Saturday, May 24, 2014


I think I must have read thousands of mystery stories in my life. Right now I am taken with Poirot and Nero Wolfe, but I have loved Holmes, and the Dick Frances heroes, Jack Spratt, Marlowe, and dozens of others. But in all these mystery stories I don't think I have ever, not even a single time, deduced the murderer. I am like a child, filled hopelessly with wonder. Most of the time I don't seriously even try to guess, I mean, not unless the author sort of tells me to. I am like putty in the author's hands. If the author says "Think it's this person." I think it's that person. If the author says "Hope that it's not that person." I desperately hope that it is not that person. And I read on wide eyed. Mystified.
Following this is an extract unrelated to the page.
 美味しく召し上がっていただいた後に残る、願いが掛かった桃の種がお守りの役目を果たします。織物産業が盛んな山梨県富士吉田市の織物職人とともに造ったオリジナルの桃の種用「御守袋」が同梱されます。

But even though I do not have any ability to figure out the murderer in a mystery, I have no problem whatsoever writing a mystery. For instance, here is one. But it goes way beyond that.  I consider most of my blog posts to be a kind of a mystery because I consider most writing to be, fundamentally, mystery writing, at least in some basic sense. A story starts, an essay starts, a train of thought starts, and there are the questions that begin to crystallize in the first words and start to drive it all along like an engine: What will happen? Why did what happened happen? What is the point and meaning of what is being said? Where is this going? How will this all make sense? 
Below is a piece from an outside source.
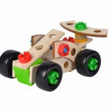 - 35 elementów: klocki, listwy, koła, śruby i nakrętki

Here, look at what you're reading now. There's a reflection on my reading past, an exploration of the Mystery genre and my relation to it, an expansion of the framework of our discussion. Even now everything grows more and more complicated. What is each new sentence here if not a clue? Isn't part of your reason for reading further on to find out how this all ties together, what point I come to? Interesting ideas are emerging, yes, but what is the story they tell? What sense will bring them all together in the end.

In a detective story I watch as events pile up, mysteries become literal, and clues are gathered and discussed. But I form no solid sense of the meaning of everything until I am told by the brilliant detective himself. But if I were in that story, not living it, no, but writing it, not that I could, not that story, but if I were writing something like it, the feel of everything passing through me, being handled and brought out by me, would tell me where to go. My attention would be on the underside of the story. I would feel it as strands woven together into a rope, not as a single moment of the present moving along.

Sometimes when I write a post here I know what I want to say, and if what I want to say is strong enough, then I have to assemble the clues that make it all so. I have the solution and must assemble the proofs, the trail to it. But sometimes I start and only learn the shape of the whole thing by weaving pieces together. And sometimes I head out as lost as you are as to what I'm up to. I must examine each detail, the cadence, my heart, the quickly decreasing collection of solutions that can still stand in the face of what I have said before, and when there is only one left, I am done.

I will not say all writing is thus. But if you look around in most, ranging vastly beyond the mystery genre, there is some sort of abstract version of a revealed murderer, a detective piecing it together for you, and most of all there is an explanation of the meaning of these things found on the floor of a locked room. Everything is a locked room. The mystery story itself is just writing itself made tangible, turned into events and characters, turned into story, the tools given names.

When I read a mystery I do not read to take apart the magic. I read to ride the magic. And when I write? There's nothing up my sleeve.